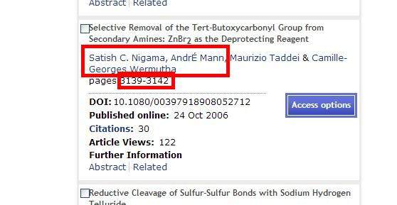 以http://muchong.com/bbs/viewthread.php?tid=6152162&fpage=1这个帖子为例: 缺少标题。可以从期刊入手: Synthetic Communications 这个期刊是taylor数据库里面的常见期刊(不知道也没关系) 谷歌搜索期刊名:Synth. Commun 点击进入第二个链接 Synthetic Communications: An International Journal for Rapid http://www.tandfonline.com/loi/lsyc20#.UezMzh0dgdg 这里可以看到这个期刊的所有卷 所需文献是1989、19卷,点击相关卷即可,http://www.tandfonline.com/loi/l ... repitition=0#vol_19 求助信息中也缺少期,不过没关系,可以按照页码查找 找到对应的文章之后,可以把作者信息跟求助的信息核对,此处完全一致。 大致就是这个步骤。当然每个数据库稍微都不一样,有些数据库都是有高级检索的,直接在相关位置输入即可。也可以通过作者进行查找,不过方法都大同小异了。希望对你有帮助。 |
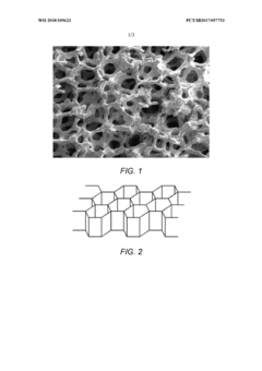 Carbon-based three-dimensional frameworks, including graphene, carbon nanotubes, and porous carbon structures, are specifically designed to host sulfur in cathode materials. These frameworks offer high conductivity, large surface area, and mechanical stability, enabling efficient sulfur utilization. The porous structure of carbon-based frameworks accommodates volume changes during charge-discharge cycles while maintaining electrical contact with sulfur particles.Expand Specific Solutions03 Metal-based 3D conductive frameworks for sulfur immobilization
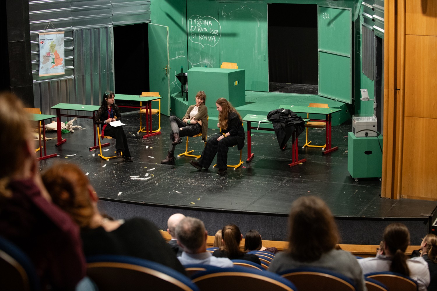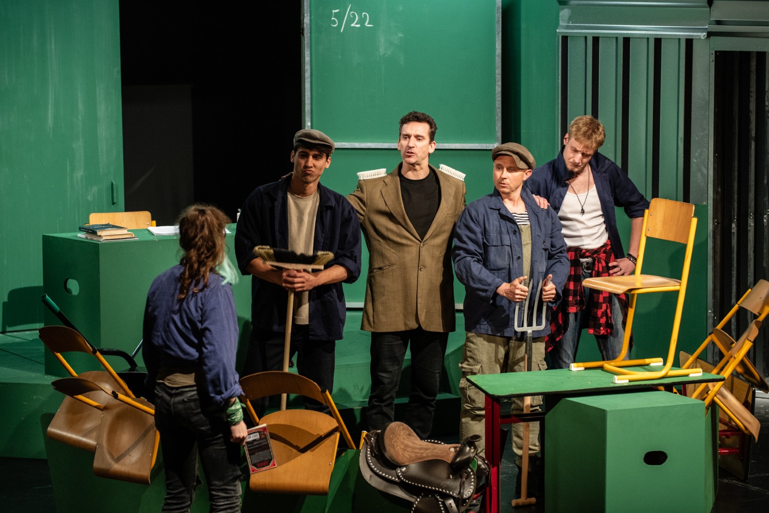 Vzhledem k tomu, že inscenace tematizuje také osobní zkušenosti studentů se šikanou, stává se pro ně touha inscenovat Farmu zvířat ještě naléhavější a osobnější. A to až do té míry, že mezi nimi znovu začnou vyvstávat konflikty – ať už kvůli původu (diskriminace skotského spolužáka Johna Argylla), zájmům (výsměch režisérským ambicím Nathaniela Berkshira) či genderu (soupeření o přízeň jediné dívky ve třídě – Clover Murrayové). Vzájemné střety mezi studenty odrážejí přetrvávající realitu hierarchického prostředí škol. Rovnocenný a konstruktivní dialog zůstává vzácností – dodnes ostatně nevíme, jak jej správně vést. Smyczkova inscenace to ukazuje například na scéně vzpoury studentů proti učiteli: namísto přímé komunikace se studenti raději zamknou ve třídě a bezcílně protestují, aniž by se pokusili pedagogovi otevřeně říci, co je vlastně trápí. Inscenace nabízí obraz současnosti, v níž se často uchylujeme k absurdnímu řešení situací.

...

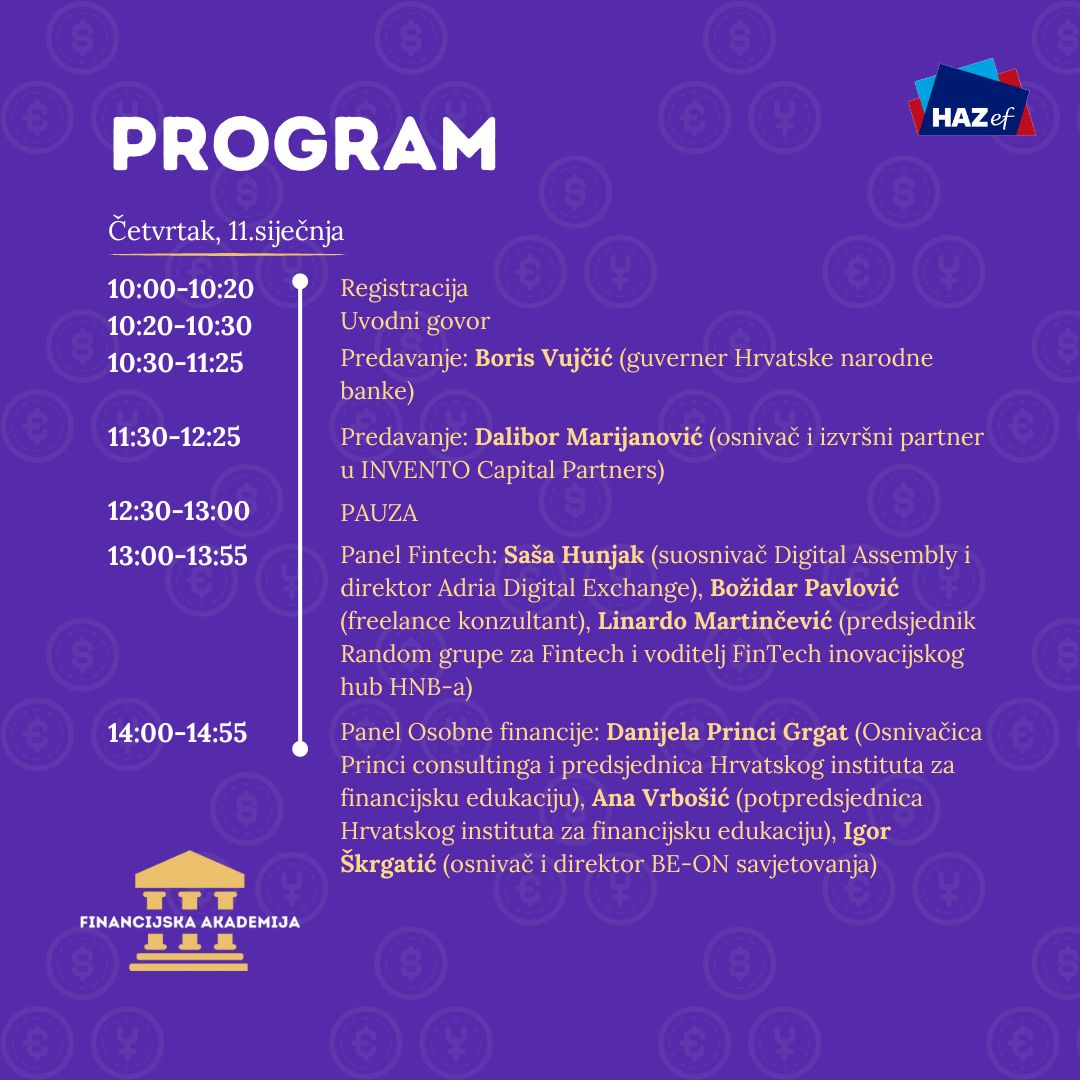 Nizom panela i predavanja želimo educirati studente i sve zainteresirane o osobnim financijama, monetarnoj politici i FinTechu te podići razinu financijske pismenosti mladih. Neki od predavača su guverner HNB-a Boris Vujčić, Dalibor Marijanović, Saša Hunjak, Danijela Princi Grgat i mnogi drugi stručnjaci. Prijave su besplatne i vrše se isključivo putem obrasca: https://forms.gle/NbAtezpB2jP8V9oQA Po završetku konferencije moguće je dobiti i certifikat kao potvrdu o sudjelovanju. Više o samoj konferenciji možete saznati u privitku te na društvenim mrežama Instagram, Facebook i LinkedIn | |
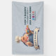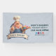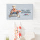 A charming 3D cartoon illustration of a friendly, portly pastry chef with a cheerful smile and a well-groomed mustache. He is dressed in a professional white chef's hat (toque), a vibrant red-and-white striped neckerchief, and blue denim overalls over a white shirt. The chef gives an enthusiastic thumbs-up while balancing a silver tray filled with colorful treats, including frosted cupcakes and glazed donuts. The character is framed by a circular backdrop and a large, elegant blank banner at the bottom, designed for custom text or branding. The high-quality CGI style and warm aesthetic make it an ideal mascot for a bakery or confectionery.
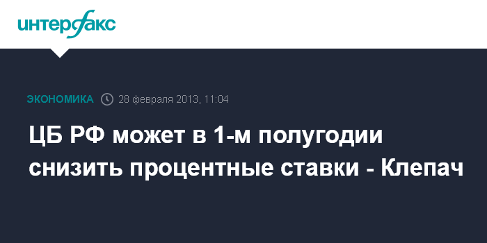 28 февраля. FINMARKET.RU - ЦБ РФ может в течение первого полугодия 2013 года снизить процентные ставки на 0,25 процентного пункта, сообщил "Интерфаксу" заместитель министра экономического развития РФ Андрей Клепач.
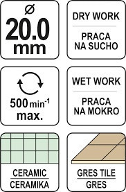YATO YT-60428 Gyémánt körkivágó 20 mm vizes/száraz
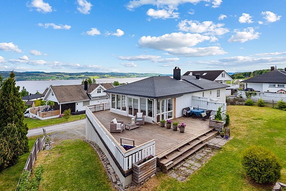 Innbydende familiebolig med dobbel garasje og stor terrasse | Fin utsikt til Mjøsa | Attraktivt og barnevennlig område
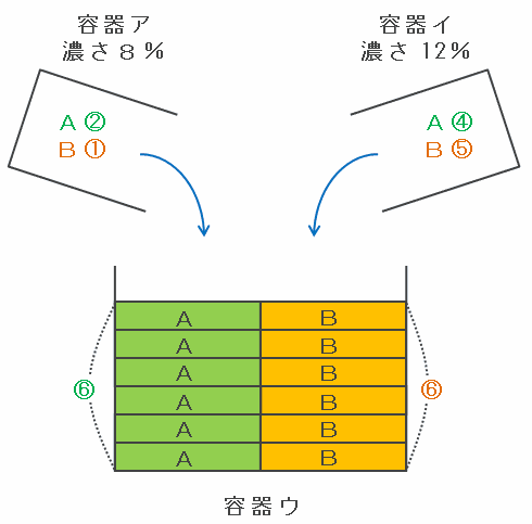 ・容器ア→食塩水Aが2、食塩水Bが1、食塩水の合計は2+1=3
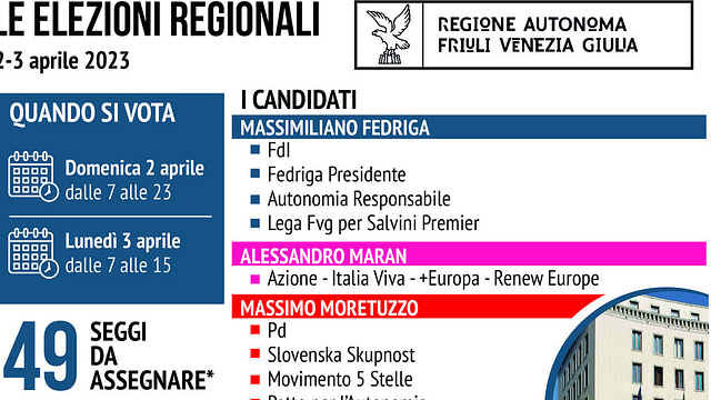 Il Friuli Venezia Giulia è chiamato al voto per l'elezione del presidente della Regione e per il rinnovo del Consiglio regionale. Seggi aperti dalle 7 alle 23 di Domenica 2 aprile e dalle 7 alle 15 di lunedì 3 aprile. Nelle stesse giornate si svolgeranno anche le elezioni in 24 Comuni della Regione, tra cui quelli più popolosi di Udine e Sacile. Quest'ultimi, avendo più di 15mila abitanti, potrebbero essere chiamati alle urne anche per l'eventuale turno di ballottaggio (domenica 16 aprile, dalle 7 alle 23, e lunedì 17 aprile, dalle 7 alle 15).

==

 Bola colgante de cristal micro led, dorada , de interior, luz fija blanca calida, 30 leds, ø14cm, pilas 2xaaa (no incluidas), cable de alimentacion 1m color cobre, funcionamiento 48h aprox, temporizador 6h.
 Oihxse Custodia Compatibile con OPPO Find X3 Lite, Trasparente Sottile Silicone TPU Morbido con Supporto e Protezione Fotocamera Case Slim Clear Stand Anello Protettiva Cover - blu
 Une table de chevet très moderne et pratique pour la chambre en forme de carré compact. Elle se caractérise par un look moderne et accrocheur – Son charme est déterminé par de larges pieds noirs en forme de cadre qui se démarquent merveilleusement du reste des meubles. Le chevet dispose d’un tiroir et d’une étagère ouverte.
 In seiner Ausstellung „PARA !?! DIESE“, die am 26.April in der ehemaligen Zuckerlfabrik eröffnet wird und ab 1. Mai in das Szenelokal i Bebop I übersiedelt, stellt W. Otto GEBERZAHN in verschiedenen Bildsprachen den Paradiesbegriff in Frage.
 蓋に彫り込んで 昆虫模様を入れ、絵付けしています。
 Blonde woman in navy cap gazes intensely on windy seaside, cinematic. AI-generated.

§ **EXERCISE DESCRIPTION**
Begin at the line that has "蓋に彫り込んで 昆虫模様を入れ、絵付けしています。" in the entries above; stop after the line that has "Blonde woman in". Transcribe exactly those lines and no others.

§ **THE COMPLETED TASK**
 蓋に彫り込んで 昆虫模様を入れ、絵付けしています。
 Blonde woman in navy cap gazes intensely on windy seaside, cinematic. AI-generated.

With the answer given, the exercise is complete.